PROVIDED RECORDS.
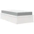 Ta postelja preproste in brezčasne oblike bo resnično praktičen in dekorativen dodatek za vašo spalnico. Trdna borovina: Trdna borovina je čudovit naravni material. Borovina ima ravne vzorce, grče pa dajejo materialu njegov značilen, rustikalen videz.Trpežno blago: Blago zagotavlja preprost in čist videz, poleg tega pa je zračno in trpežno.Ležišče z žepkastimi vzmetmi: Ta vzmetnica z žepkastimi vzmetmi ima posamezne žepkaste vzmeti, ki delujejo neodvisno in zagotavljajo prilagojeno podporo, saj se odzivajo le na pritisk na posameznem območju. Takšna zasnova preprečuje, da bi se ležišče "zvijalo skupaj", in zmanjšuje prenos gibanja v primerjavi s tradicionalnimi ležišči z odprtimi vzmetmi. Vsaka žepkasta vzmet podpira telo posebej.Letvice za optimalno podporo: Okvir postelje je opremljen z letvicami, ki zagotavljajo osnovno podporo in zračnost vašega ležišča. Dobro je vedeti:Zaradi higienskih razlogov vzmetnice ni mogoče vrniti po odstranitvi ali odprtju embalaže.Potrebno sestavljanje: DaPosteljni okvir:Barva: BelaMaterial: Trdna borovinaDimenzije: 206,5 x 96,5 x 37 cm (D x Š x V)Vzmetnica:Barva: Bela in svetlo sivaMaterial prevleke: Tkanina (100 % poliester)Material polnila: Žepkaste vzmeti, penaTrdnost: SrednjaDimenzije: 90 x 200 x 20 cm (Š x D x V) Paket vsebuje:1 x Posteljni okvir1 x Vzmetnica 3281944
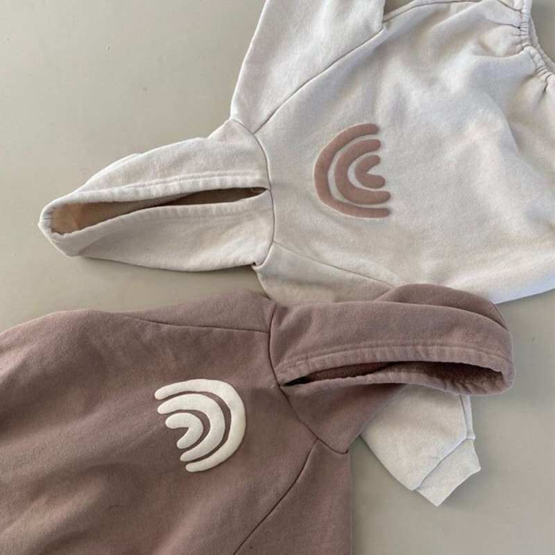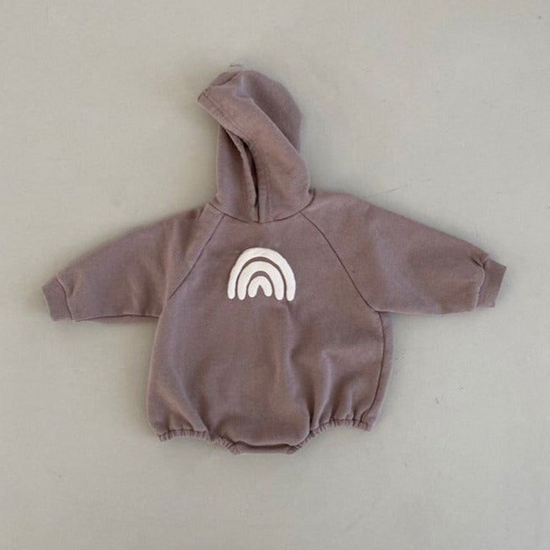 Kids Baby Boys Girls Fashion Casual Versatile Rainbow Strip Long Sleeve Hooded Romper
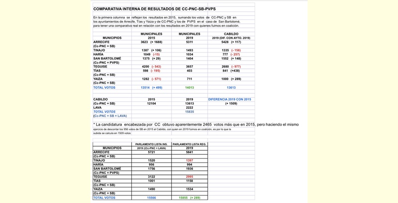 El presidente no quiere quitar méritos a nadie. “Claro que nada de lo que voy a diseccionar ahora resta un ápice al enorme mérito que tuvo la segunda mayoría absoluta consecutiva de Coalición Canaria en Teguise y, mucho menos, a la quinta en Tinajo. Ni que decir de los espectaculares resultados obtenidos en Arrecife, especialmente considerando la ola socialista que arrasó en todo el país y a la que Lanzarote no fue ajena, pero vamos a ello”, señala. “Por municipios, como dije Coalición Canaria solo creció en votos y porcentaje en Arrecife donde contamos con el respaldo de San Borondón (+2.265 votos). En Tinajo, incrementamos nuestros resultados en 106 votos aunque retrocedimos en un 3% de respaldo, y perdimos respaldo electoral en votos y porcentaje en otros cuatro municipios respecto a las elecciones de 2015”.
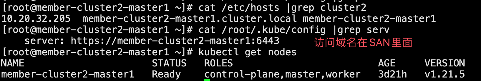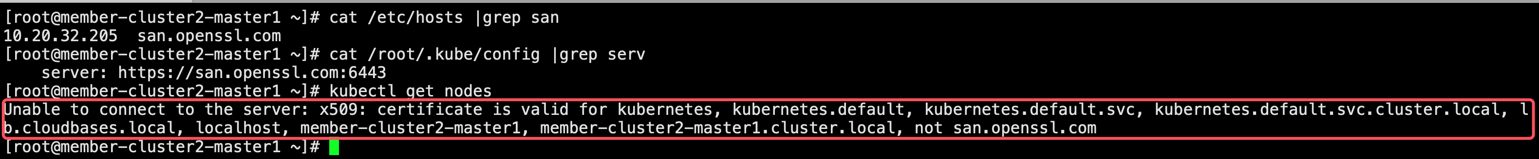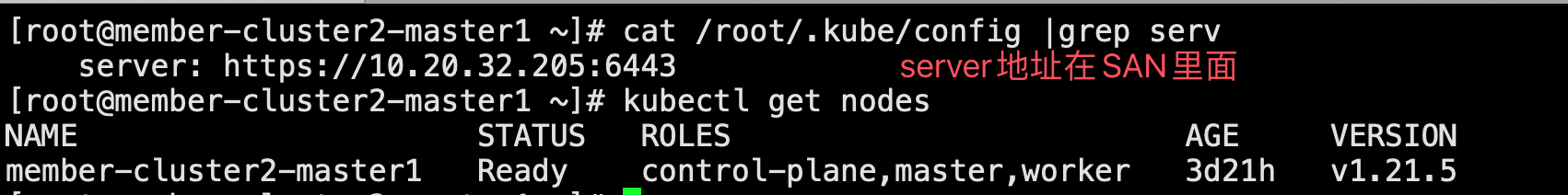 DNS:kubernetes, DNS:kubernetes.default, DNS:kubernetes.default.svc, DNS:kubernetes.default.svc.cluster.local, DNS:lb.zmc.local, DNS:localhost, DNS:member-cluster2-master1, DNS:member-cluster2-master1.cluster.local, IP Address:10.234.0.1, IP Address:10.20.32.205, IP Address:127.0.0.1
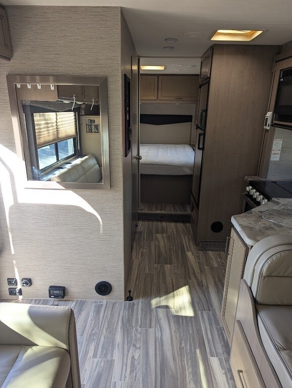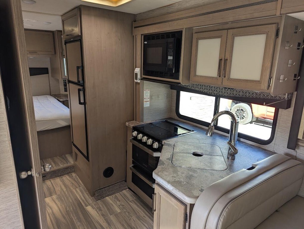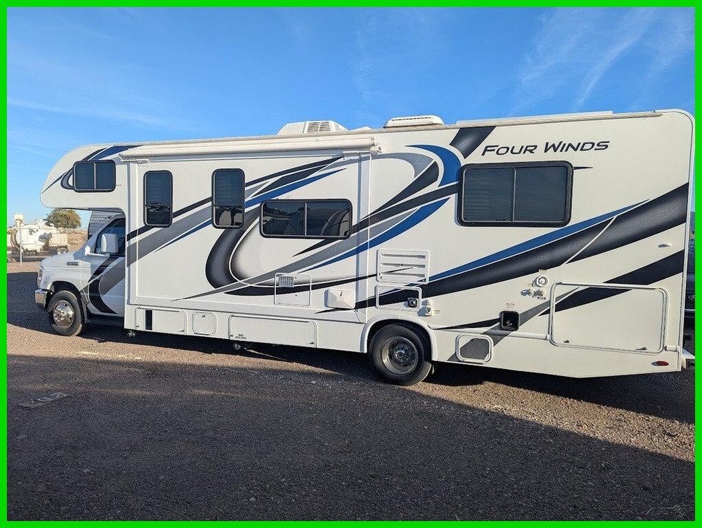 2021 Thor Motor Coach Four Winds 28Z Class C RV For Sale in Phoenix, AZ 85041 This Thor is powered by a E450 V8 engine and a Torqshift automatic transmission with 15,885 miles. The overall length is 29.92 feet and it comes equipped with 1 power retractable slide-out, 1 power retractable awning, 1 A/C unit, solar, and plenty of room to sleep 8. This unit has been well-maintained. Kitchen Area Features 3-Burner Stove/Oven Overhead Fan Microwave Mid-Size Fridge/Freezer Sink & Faucet Booth Dinette Storage Space
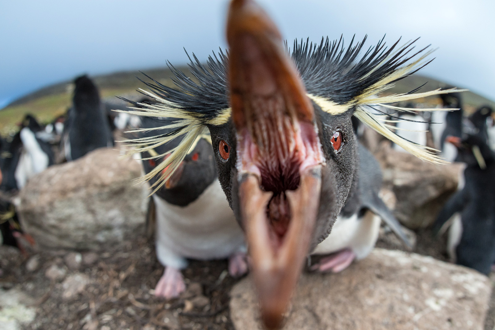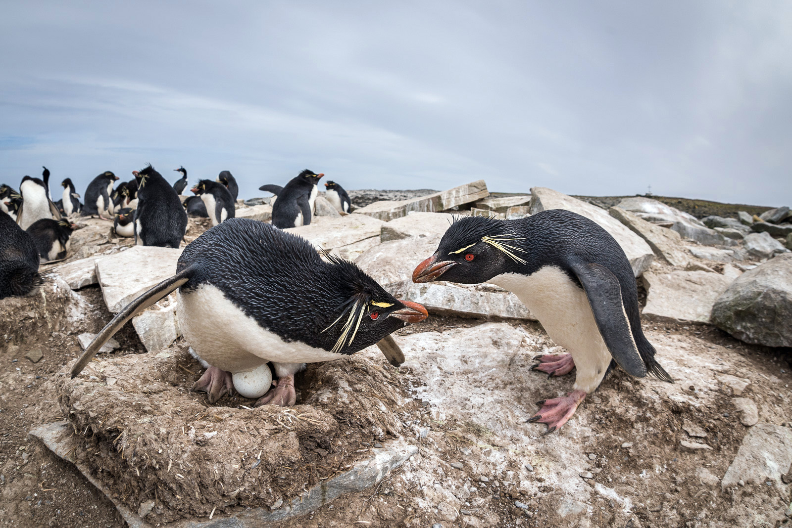My trip to the Falkland Islands coincided with the breeding season for the rockhopper penguins. Both parents tend to the eggs (usually two) for the first week or so, after which the males go out to sea to fish, returning two to four weeks later. In this photo, a breeding pair is still in the shared duty phase, which happens in November. Nikon D810 with Sigma 15mm fisheye lens, ISO 400, f/8 at 1/1250th of a second.
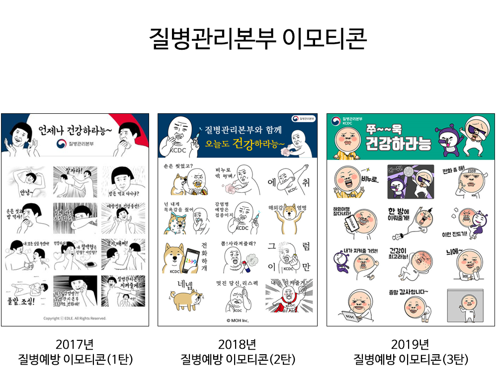 질병관리본부는 2017년부터 카카오톡 이모티콘(언제나 건강하라능(1탄), 오늘도 건강하라능(2탄))을 매년 출시하고 있으며, 많은 국민들이 관심을 갖고 카카오톡 친구를 맺는 등 큰 호응을 얻은바 있습니다.

HOW TO COMPLETE THIS TASK. Full transcription without images: please go through the records and repeat them exactly.

REPLY TO THE TASK.
 Ta postelja preproste in brezčasne oblike bo resnično praktičen in dekorativen dodatek za vašo spalnico. Trdna borovina: Trdna borovina je čudovit naravni material. Borovina ima ravne vzorce, grče pa dajejo materialu njegov značilen, rustikalen videz.Trpežno blago: Blago zagotavlja preprost in čist videz, poleg tega pa je zračno in trpežno.Ležišče z žepkastimi vzmetmi: Ta vzmetnica z žepkastimi vzmetmi ima posamezne žepkaste vzmeti, ki delujejo neodvisno in zagotavljajo prilagojeno podporo, saj se odzivajo le na pritisk na posameznem območju. Takšna zasnova preprečuje, da bi se ležišče "zvijalo skupaj", in zmanjšuje prenos gibanja v primerjavi s tradicionalnimi ležišči z odprtimi vzmetmi. Vsaka žepkasta vzmet podpira telo posebej.Letvice za optimalno podporo: Okvir postelje je opremljen z letvicami, ki zagotavljajo osnovno podporo in zračnost vašega ležišča. Dobro je vedeti:Zaradi higienskih razlogov vzmetnice ni mogoče vrniti po odstranitvi ali odprtju embalaže.Potrebno sestavljanje: DaPosteljni okvir:Barva: BelaMaterial: Trdna borovinaDimenzije: 206,5 x 96,5 x 37 cm (D x Š x V)Vzmetnica:Barva: Bela in svetlo sivaMaterial prevleke: Tkanina (100 % poliester)Material polnila: Žepkaste vzmeti, penaTrdnost: SrednjaDimenzije: 90 x 200 x 20 cm (Š x D x V) Paket vsebuje:1 x Posteljni okvir1 x Vzmetnica 3281944
 Kids Baby Boys Girls Fashion Casual Versatile Rainbow Strip Long Sleeve Hooded Romper
 El presidente no quiere quitar méritos a nadie. “Claro que nada de lo que voy a diseccionar ahora resta un ápice al enorme mérito que tuvo la segunda mayoría absoluta consecutiva de Coalición Canaria en Teguise y, mucho menos, a la quinta en Tinajo. Ni que decir de los espectaculares resultados obtenidos en Arrecife, especialmente considerando la ola socialista que arrasó en todo el país y a la que Lanzarote no fue ajena, pero vamos a ello”, señala. “Por municipios, como dije Coalición Canaria solo creció en votos y porcentaje en Arrecife donde contamos con el respaldo de San Borondón (+2.265 votos). En Tinajo, incrementamos nuestros resultados en 106 votos aunque retrocedimos en un 3% de respaldo, y perdimos respaldo electoral en votos y porcentaje en otros cuatro municipios respecto a las elecciones de 2015”.
 DNS:kubernetes, DNS:kubernetes.default, DNS:kubernetes.default.svc, DNS:kubernetes.default.svc.cluster.local, DNS:lb.zmc.local, DNS:localhost, DNS:member-cluster2-master1, DNS:member-cluster2-master1.cluster.local, IP Address:10.234.0.1, IP Address:10.20.32.205, IP Address:127.0.0.1
 2021 Thor Motor Coach Four Winds 28Z Class C RV For Sale in Phoenix, AZ 85041 This Thor is powered by a E450 V8 engine and a Torqshift automatic transmission with 15,885 miles. The overall length is 29.92 feet and it comes equipped with 1 power retractable slide-out, 1 power retractable awning, 1 A/C unit, solar, and plenty of room to sleep 8. This unit has been well-maintained. Kitchen Area Features 3-Burner Stove/Oven Overhead Fan Microwave Mid-Size Fridge/Freezer Sink & Faucet Booth Dinette Storage Space
My trip to the Falkland Islands coincided with the breeding season for the rockhopper penguins. Both parents tend to the eggs (usually two) for the first week or so, after which the males go out to sea to fish, returning two to four weeks later. In this photo, a breeding pair is still in the shared duty phase, which happens in November. Nikon D810 with Sigma 15mm fisheye lens, ISO 400, f/8 at 1/1250th of a second.
 질병관리본부는 2017년부터 카카오톡 이모티콘(언제나 건강하라능(1탄), 오늘도 건강하라능(2탄))을 매년 출시하고 있으며, 많은 국민들이 관심을 갖고 카카오톡 친구를 맺는 등 큰 호응을 얻은바 있습니다.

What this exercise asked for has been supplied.